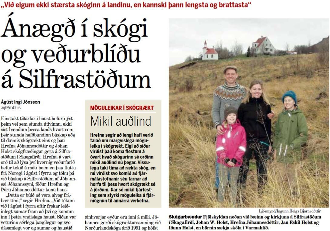 Einstakt tíðarfar í haust hefur nýst þeim vel sem stunda útivinnu, ekki síst bændum þessa lands hvort sem þeir stunda hefðbundinn búskap eða til dæmis skógrækt eins og þau Hrefna Jóhannesdóttir og Johan Holst skógfræðingar gera á Silfrastöðum í Skagafirði. Hrefna á vart orð til að lýsa því hvernig veðurfarið hefur tekið á móti þeim en þau fluttu frá Noregi í ágúst í fyrra og tóku þá við búskap á Silfrastöðum af Jóhannesi Jóhannssyni, föður Hrefnu og Þóru Jóhannesdóttur konu hans.
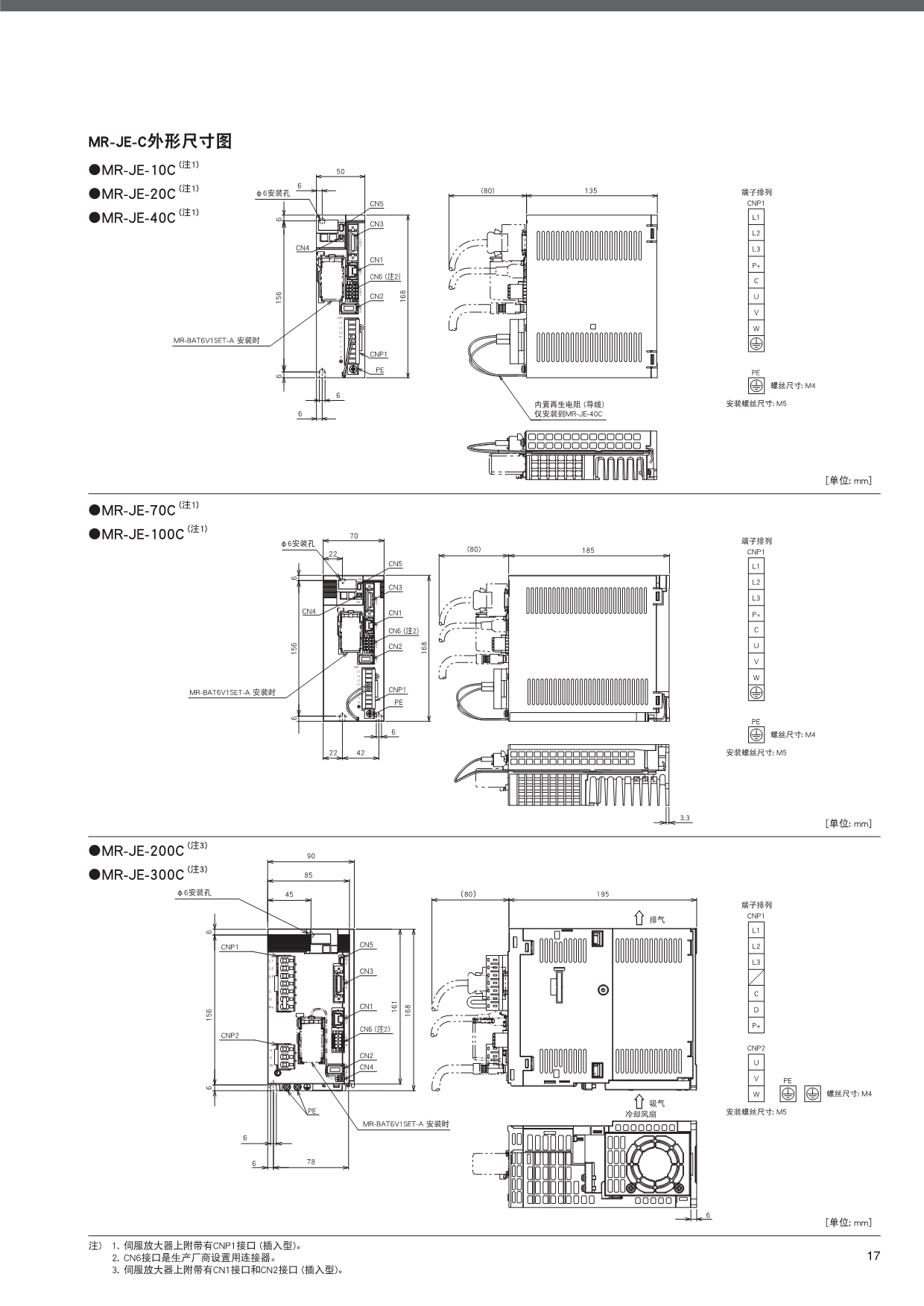 | 伺服放大器型號(hào)MR-JE- | 10C | 20C | 40C | 70C | 100C | 200C | 300C | |
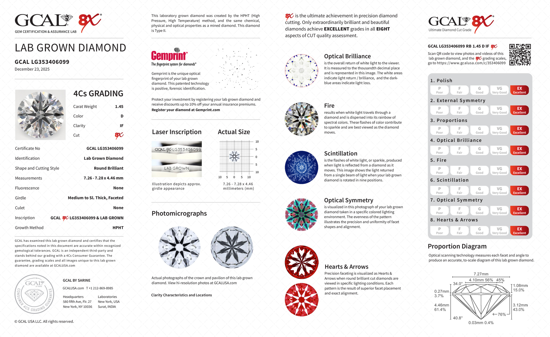 The GCAL certificate (#353406099) is an independent grading report that verifies this diamond's carat weight, color, clarity, cut, and other physical properties. It serves as a trusted third-party guarantee of the stone's quality. Always verify the certificate number on the issuing lab's website before purchasing.
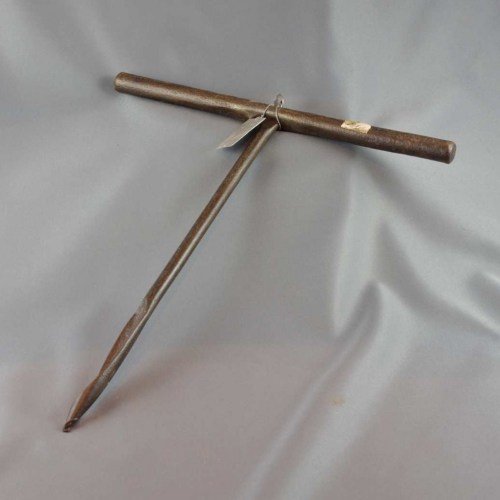 Trivella interamente metallica,con asta a sezione quadrangolare e punta elicoidale. L'impugnatura presenta forma cilindrica. In essa si infila l'asta dello strumento.Notizie storico-critiche
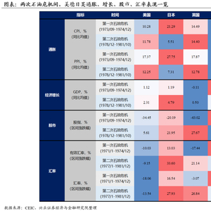两次石油危机对各国通胀的影响程度有所不同。两次石油危机对各国通胀的影响程度有所不同。而影响程度主要受到三方面因素的影响:1)对进口能源的依赖程度;2)能耗程度;3)汇率变化;5)国内其他资产价格。
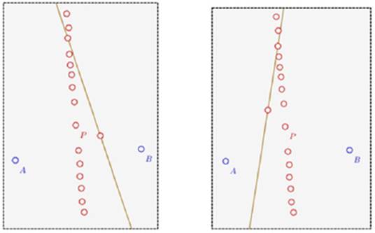 ABPLa construcción aproximada de la recta sirve para verificar la conjetura hecha por los estudiantes: efectivamente, parece que todos los puntos que cumplen aproximadamente la propiedad están sobre una recta.
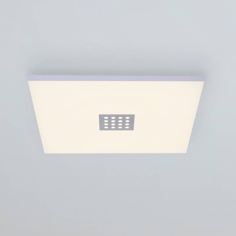 LED stropné svietidlo Pure-Neo vrátane diaľkového ovládania, stmievateľné a s funkciou CCT Plochý panel LED Pure-Neo v štvorcovom tvare je vyrobený z hliníka a PMMA a je vybavený funkciou CCT, čo znamená, že sa dá nastaviť farba svetla od teplej bielej po univerzálnu bielu. Panel je vybavený dvomi tabuľami LED, ktoré sa dajú samostatne prepínať – takže môže byť osvetlená len veľká plocha alebo len malá plocha uprostred, prípadne obe spolu. Či už ide o jasné osvetlenie na prácu alebo jemné osvetlenie na večerné sledovanie televízie – s panelom LED môžete kedykoľvek nastaviť správne osvetlenie. Nastavenie svetla možno pohodlne upraviť pomocou dodaného diaľkového ovládača, ktorý možno použiť aj na stlmenie svetla. Diaľkové ovládanie ponúka aj možnosť zapnutia nočného svetla a funkciu časovača.
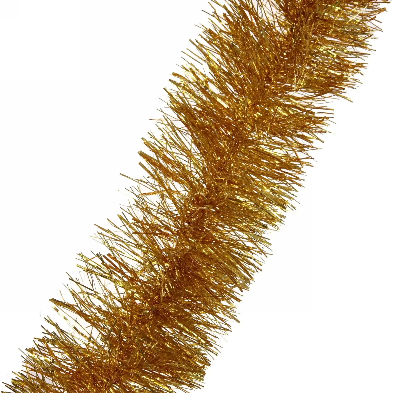 Мишура выполнена из синтетических волокон, что обеспечивает ей легкость и объемность. Ее золотистый цвет прекрасно сочетается с другими новогодними украшениями, создавая гармоничный и стильный декор. Длина мишуры составляет 2 метра, а ширина — 13 см, что позволяет использовать ее в самых различных вариантах оформления.

⁂

**EXERCISE INSTRUCTIONS:** Would you copy the lines above exactly, starting with the one that has "200C | 300C | |" and ending with the one that has "ABPLa construcción aproximada", both included, without the pictures?

**WORKED SOLUTION:**
 | 伺服放大器型號(hào)MR-JE- | 10C | 20C | 40C | 70C | 100C | 200C | 300C | |
 The GCAL certificate (#353406099) is an independent grading report that verifies this diamond's carat weight, color, clarity, cut, and other physical properties. It serves as a trusted third-party guarantee of the stone's quality. Always verify the certificate number on the issuing lab's website before purchasing.
 Trivella interamente metallica,con asta a sezione quadrangolare e punta elicoidale. L'impugnatura presenta forma cilindrica. In essa si infila l'asta dello strumento.Notizie storico-critiche
两次石油危机对各国通胀的影响程度有所不同。两次石油危机对各国通胀的影响程度有所不同。而影响程度主要受到三方面因素的影响:1)对进口能源的依赖程度;2)能耗程度;3)汇率变化;5)国内其他资产价格。
 ABPLa construcción aproximada de la recta sirve para verificar la conjetura hecha por los estudiantes: efectivamente, parece que todos los puntos que cumplen aproximadamente la propiedad están sobre una recta.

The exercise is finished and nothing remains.